### The records
____________________
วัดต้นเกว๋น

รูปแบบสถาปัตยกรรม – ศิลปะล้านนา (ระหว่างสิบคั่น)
____________________
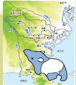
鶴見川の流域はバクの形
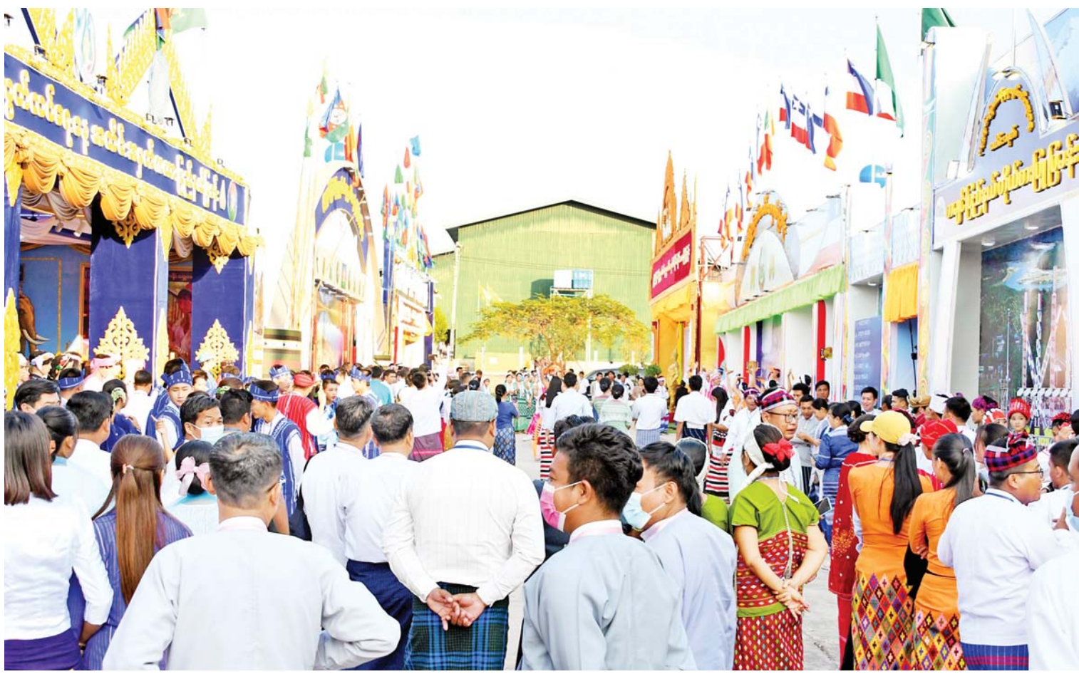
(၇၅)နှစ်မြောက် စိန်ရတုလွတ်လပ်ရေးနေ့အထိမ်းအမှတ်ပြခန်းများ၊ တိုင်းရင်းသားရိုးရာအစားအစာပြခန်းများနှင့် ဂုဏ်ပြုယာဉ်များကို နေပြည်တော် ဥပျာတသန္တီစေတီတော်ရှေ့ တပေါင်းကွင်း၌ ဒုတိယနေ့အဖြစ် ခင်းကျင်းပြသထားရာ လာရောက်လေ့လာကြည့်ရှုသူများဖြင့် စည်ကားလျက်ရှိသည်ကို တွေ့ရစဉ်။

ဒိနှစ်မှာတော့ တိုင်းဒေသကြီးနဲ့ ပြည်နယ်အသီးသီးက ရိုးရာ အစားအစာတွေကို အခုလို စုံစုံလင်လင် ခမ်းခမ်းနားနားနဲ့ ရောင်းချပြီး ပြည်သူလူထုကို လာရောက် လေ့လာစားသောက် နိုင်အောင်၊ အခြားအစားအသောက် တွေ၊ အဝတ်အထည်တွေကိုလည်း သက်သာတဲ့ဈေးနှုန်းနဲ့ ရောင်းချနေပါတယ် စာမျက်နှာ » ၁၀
____________________
### Work instruction
Pictures excluded, transcribe the listing above exactly from the line with "鶴見川の流域はバクの形" through the line with "ဒိနှစ်မှာတော့ တိုင်းဒေသကြီးနဲ့ ပြည်နယ်အသီးသီးက", and no further.

### Output below
鶴見川の流域はバクの形
(၇၅)နှစ်မြောက် စိန်ရတုလွတ်လပ်ရေးနေ့အထိမ်းအမှတ်ပြခန်းများ၊ တိုင်းရင်းသားရိုးရာအစားအစာပြခန်းများနှင့် ဂုဏ်ပြုယာဉ်များကို နေပြည်တော် ဥပျာတသန္တီစေတီတော်ရှေ့ တပေါင်းကွင်း၌ ဒုတိယနေ့အဖြစ် ခင်းကျင်းပြသထားရာ လာရောက်လေ့လာကြည့်ရှုသူများဖြင့် စည်ကားလျက်ရှိသည်ကို တွေ့ရစဉ်။

ဒိနှစ်မှာတော့ တိုင်းဒေသကြီးနဲ့ ပြည်နယ်အသီးသီးက ရိုးရာ အစားအစာတွေကို အခုလို စုံစုံလင်လင် ခမ်းခမ်းနားနားနဲ့ ရောင်းချပြီး ပြည်သူလူထုကို လာရောက် လေ့လာစားသောက် နိုင်အောင်၊ အခြားအစားအသောက် တွေ၊ အဝတ်အထည်တွေကိုလည်း သက်သာတဲ့ဈေးနှုန်းနဲ့ ရောင်းချနေပါတယ် စာမျက်နှာ » ၁၀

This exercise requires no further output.